Developing self-programmable AI devices
Modern technology increasingly depends on machine intelligence. Many manufacturing processes, smart objects and advanced robots all rely on mechanisms that offer some sort of programmability. Yet these programmes are limited as their logic is based on hardwired rules designed by humans. Problems can arise when these devices face new or unknown situations beyond their original design. “Programs often execute in unexpected circumstances,” explains Giuseppe De Giacomo(opens in new window), professor of Computer Science at the University of Oxford. “In many application areas, it is simply too costly and error-prone to delegate to software engineers to list and handle all possible adaptation tasks that may arise in the mechanism execution.” When applications must handle widely unexpected circumstances – whether from interactions with the real world or with humans making decisions based on unmodelled circumstances – it is infeasible to determine a priori all possible adaptations that may be needed, he explains. Generative artificial intelligence (GenAI) is seen as a powerful tool for avoiding preprogrammed solutions in favour of learned ones and has been widely adopted in fields including medicine. Yet we still don’t know exactly how and why GenAI makes the decisions it does, or whether they are correct for the task in hand. “These solutions have a black-box nature, which restrains their adoption in so-called safety-critical systems, where decisions may have serious consequences, such as for safety or security,” says De Giacomo. In the WhiteMech project, which was funded by the European Research Council(opens in new window), De Giacomo and his team started the development of tools to create white-box self-programming mechanisms able to self-generate behaviour to achieve certain goals and – importantly – explain how they did so.
Creating transparent white-box mechanisms
The WhiteMech project proposed self-programming solutions based on a mathematical model of the environment in which the system operates, and how actions of the system impact such an environment. The concept of ‘planning’ in AI usually means that given a model of the world and a desired goal, it computes a series of actions to achieve the goal. Yet in the WhiteMech project, the researchers took a more nuanced route, creating programmes that can perform complex tasks that extend over time, such as going through certain steps – possibly depending on the observations collected while executing – while simultaneously always remaining in a safe area. And while many IT companies routinely check their systems for correctness after the fact, WhiteMech aimed to develop programmes automatically able to perform tasks – a problem known as ‘reactive synthesis’. “In WhiteMech we want to use reactive synthesis while the system is in operation: when an exceptional circumstance manifests itself, the system autonomously computes and enacts an appropriate reaction with formal guarantees of correctness,” adds De Giacomo. Through WhiteMech, the team successfully developed the science, methodologies, algorithms and tools to address this basic problem: building white-box self-programming mechanisms.
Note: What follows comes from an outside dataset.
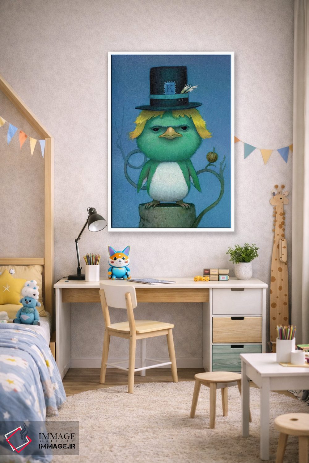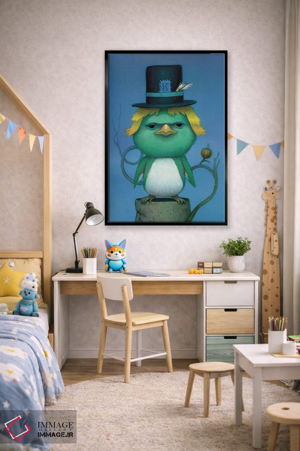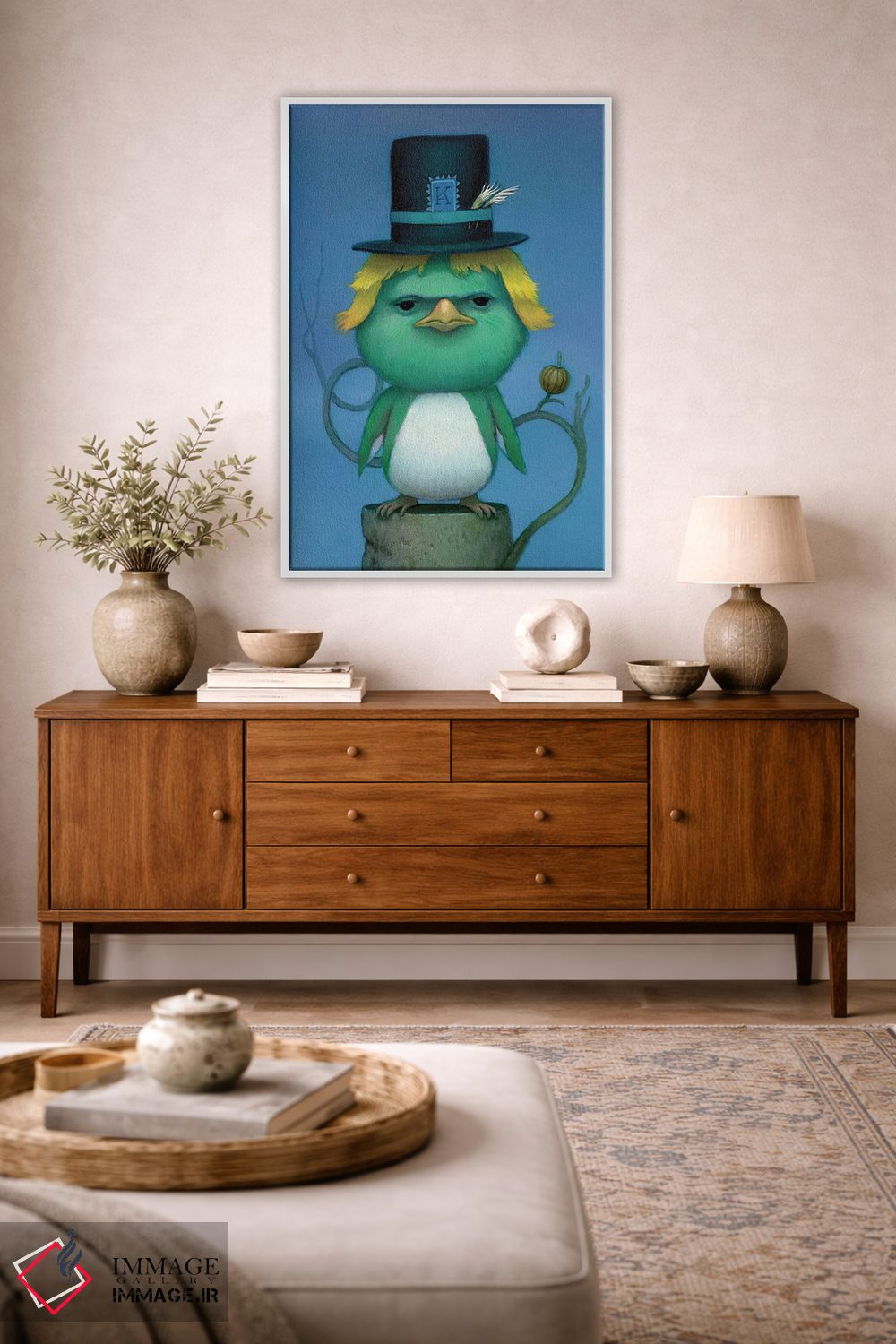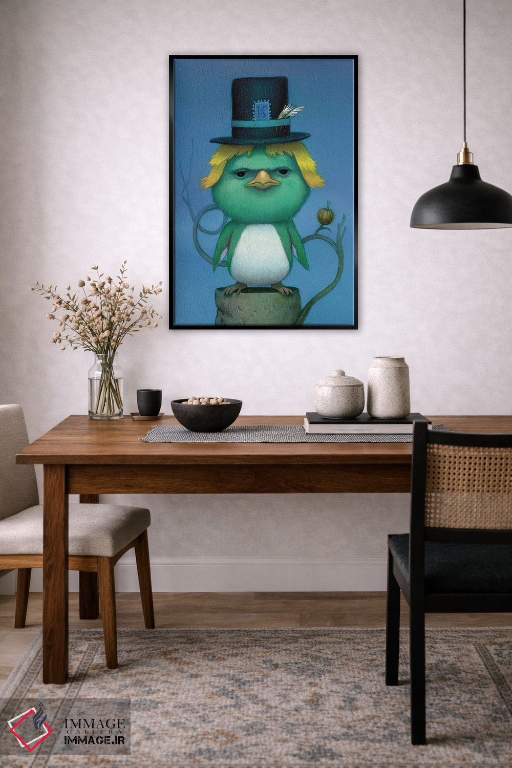 بوم گالری ایماژ نسخهی دکوراتیوِ سطحبالا از یک اثر هنری است؛ روی کنواس سفیدِ یکدست و بدون اسید با چاپ هنریِ دقیق (Giclée) برای گذارهای نرمتر و وضوح بالاتر با رنگدانههای آرشیوی و سیستم رنگ دقیق، روی دیوار، کار یکدستتر و خوشکیفیتتر دیده میشود. کلافکشی مرتب و یراق نصب استاندارد، تجربهی نصب را ساده میکند.

Attracting interest among smart industries
While WhiteMech was a basic science project, the results have already attracted the interest of several communities, including smart factories, robotics, digital twins and business process management. “A clear witness of this interest is the number of citations that the scientific papers related to WhiteMech are attracting,” notes De Giacomo. The team will continue their research, revisiting the tools and techniques and transitioning them from the lab into real-world applications. WhiteMech has also opened up new avenues for further research. This includes using GenAI to mathematically model a space – a room, say – then use WhiteMech techniques to automatically carry out its tasks.